The first juvenile to be imprisoned for a cyber-crime at the age of 16, Jonathan James or better known as c0mrade, hacked into Defense Threat Reduction Agency of US department. Further, he installed a sniffer that scrutinized the messages passed on between the DTRA employees. Not only did he keep a check on the messages being passed around, in the process, he collected the passwords and usernames and other such vital details of the employees, and further even stole essential software. All this cost NASA to shut down its system and to pay from its pocket $41,000. c0mrade, however, had a bitter ending as James committed suicide in 2008.

6. Kevin Poulsen

How far would you go to win your dream car or a dream house? How far will you go to win an online contest or a radio show contest? Perhaps, you shall keep trying your luck, unless you are Kevin Poulsen! Poulsen infiltrated a radio shows call-in contest just so he could win a Porsche. Dark Dante, as he was better known, went underground after FBI started pursuing him. He, later, was found guilty of seven counts of mail, wire and computer fraud, money laundering and the likes. What turned out to be rewarding in Dark Dante’s case is – his past crafted his future. Poulsen now serves as a Senior Editor at Wired.

7. Kevin Mitnick

Clad in an Armani suit, when a bespectacled face in his mid-40s smiles at you from the computer screen, you can hardly consider the man a cyber-criminal. Such is the case with Kevin David Mitnick. Once upon a time, the most wanted cyber-criminal of US, now is an affluent entrepreneur.
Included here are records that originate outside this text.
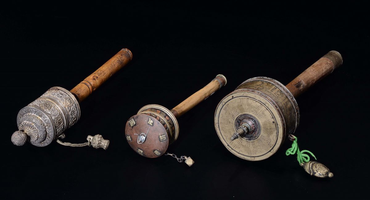 Six copper prayer wheels with semi-precious stone inlays, Tibet, 19th century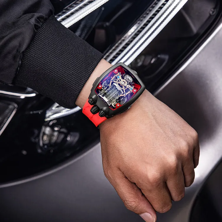 [Подарочная коробка комплект + модный кубинский браслет] Черный корпус с красным ремешком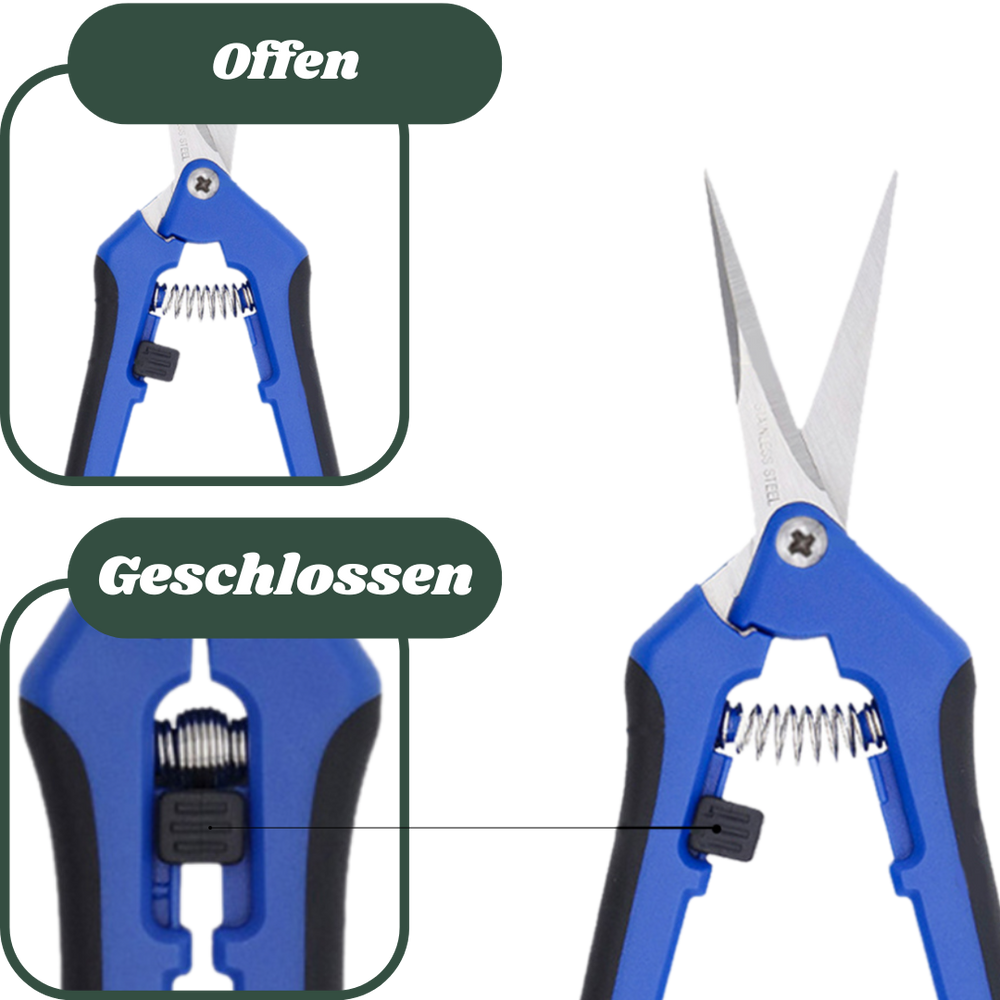 Diese hochwertige Ernteschere in Silber-Schwarz ist das ideale Werkzeug für jeden Grower. Die 17 cm lange Schere mit rostfreien Edelstahlklingen ermöglicht präzises Schneiden bei der Ernte, beim Entlauben sowie beim Trimmen von Blüten. Dank ergonomischer Griffe und federbelasteter Bauweise liegt sie optimal in der Hand und beugt Ermüdung vor — perfekt für längere Erntesessions. Mit praktischem Sicherheitsverschluss für sicheres Arbeiten. Ideal für die Pflege und Ernte von Cannabispflanzen und anderen feinen Kulturen.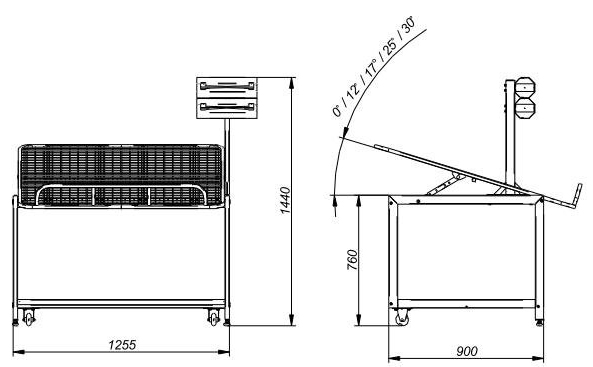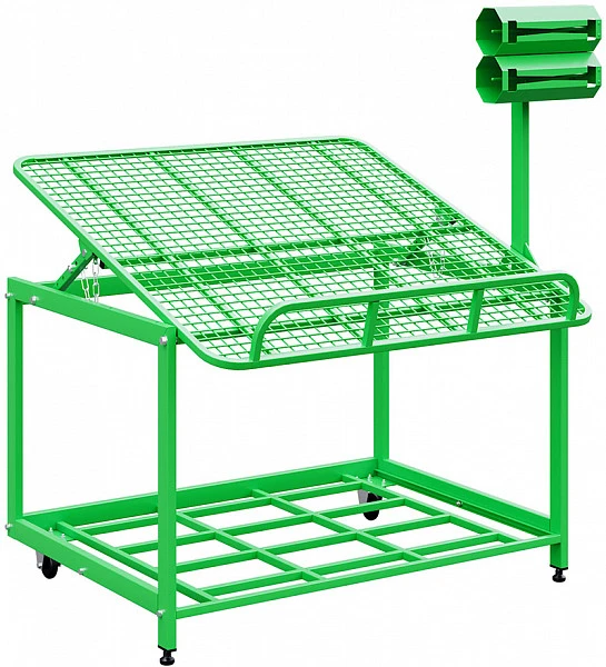 • Стол для овощей снабжен регулируемой столешницей с сеткой, исключающей падение товара.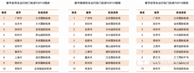 机场方面,预计春节前驾车出行热门机场主要有广州白云国际机场、北京大兴国际机场、深圳宝安国际机场。预计春节期间,驾车出行热门机场主要有广州白云国际机场、深圳宝安国际机场、北京大兴国际机场。春节后,预计广州白云国际机场、深圳宝安国际机场、杭州萧山国际机场驾车出行热度较高。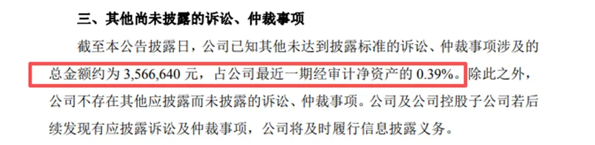 值得注意的是,公司其他未达披露标准的诉讼、仲裁事项涉及金额仍有356.66万元,占最近一期经审计净资产的0.39%。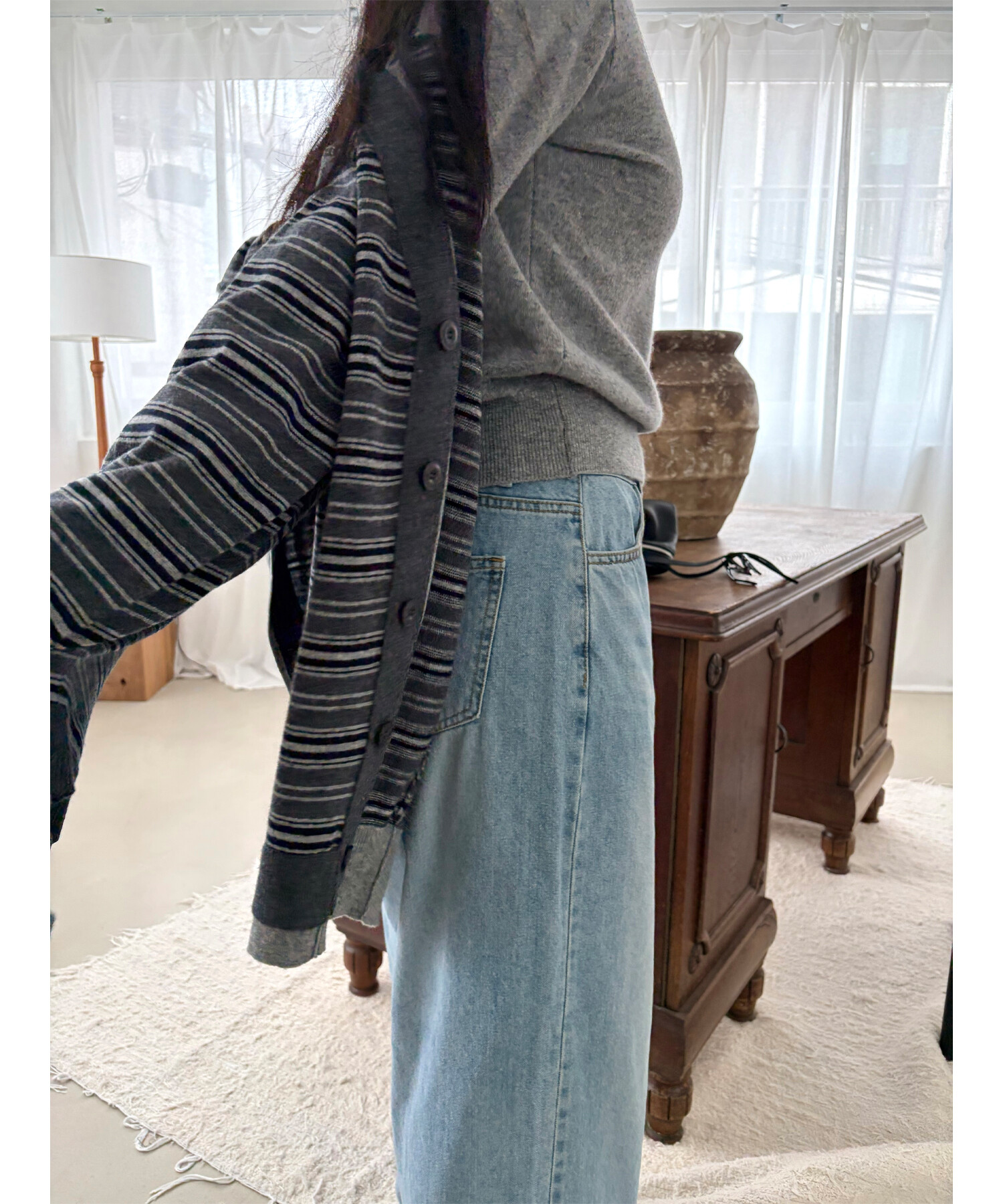 -밝은 빈티지 연청으로 시즌리스 활용하기 좋은 아이템(두껍지 않고 얇은 편입니다.)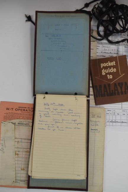 Royal Navy observer's notebook and aircraft W/T 1945/1946 Log, from HMS Simbang RNAS Singapore together with a later W/T operator's log, US Navy ship identification chart, pocket guide to Malaya, copy documentation and a set of headphones APW621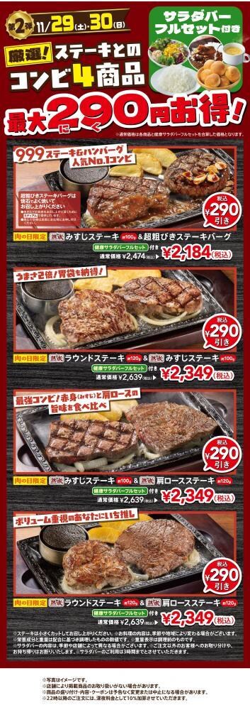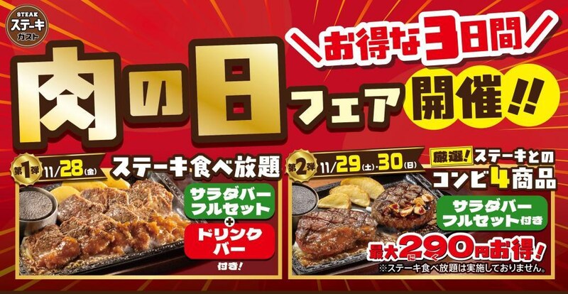 ステーキガストは、2025年11月28日から30日まで、「肉の日フェア」を開催しています。

Kevin, who is now a security consultant, was convicted of hacking Nokia, Motorola and Pentagon. He pleaded guilty to seven counts of fraud that included wire fraud, computer fraud and of illegally interception a wire communication. After five years of incarceration that included eight months of solitary confinement, Mitnick now has started afresh. However, his knack with the computers is still reminisced and was even depicted on celluloid in the films Takedown andFreedom Downtown.

8. Anonymous

The concept of being a “digital Robin Hood” was far from being conceived, but in the computer age, it is very likely that someone somewhere has bagged this title. A “hacktivist group” called Anonymous are known with the penname of being the “digital Robin Hood” amongst its supporters. Identified in public by wearing a Guy Fawkes Masks, Anons, as they are widely known, have publicized themselves by attacking the government, religious and corporate websites. The Vatican, the FBI, the CIA, PayPal, Sony, Mastercard, Visa, Chinese, Israeli, Tunisian, and Ugandan governments have been amongst their targets. Although, Anons have been arguing whether to engage in a serious activism or a mere entertainment, many of the group members have clarified their intent which is to attack internet censorship and control.

9. Astra

Astra, a Sanskrit word for weapon was the penname of a hacker who dealt in the weapon stealing and selling. A 58-year-old Greek Mathematician hacked into the systems of France’s Dassault Group, stole vulnerable weapons technology data and sold it to different countries for five long years. While the real identity of the ASTRA remains untraced, officials have said that he had been wanted since 2002. Astra sold the data to approximately 250 people from around the globe, which cost Dassault $360 millions of damage.

10. Albert Gonzalez

How safe is internet banking? When we browse through the profile of this mastermind, we are certain that one ought to use the World Wide Web with immense care. For two long years, Albert Gonzalez, stole from credit cards of the netizens. This was recorded to be the biggest credit card theft in the history of mankind. He resold approximately 170 million credit cards and ATM numbers. He did so by installing a sniffer and sniffing out the computer data from internal corporate networks. When arrested, Gonzalez was sentenced to 20 years in Federal prison.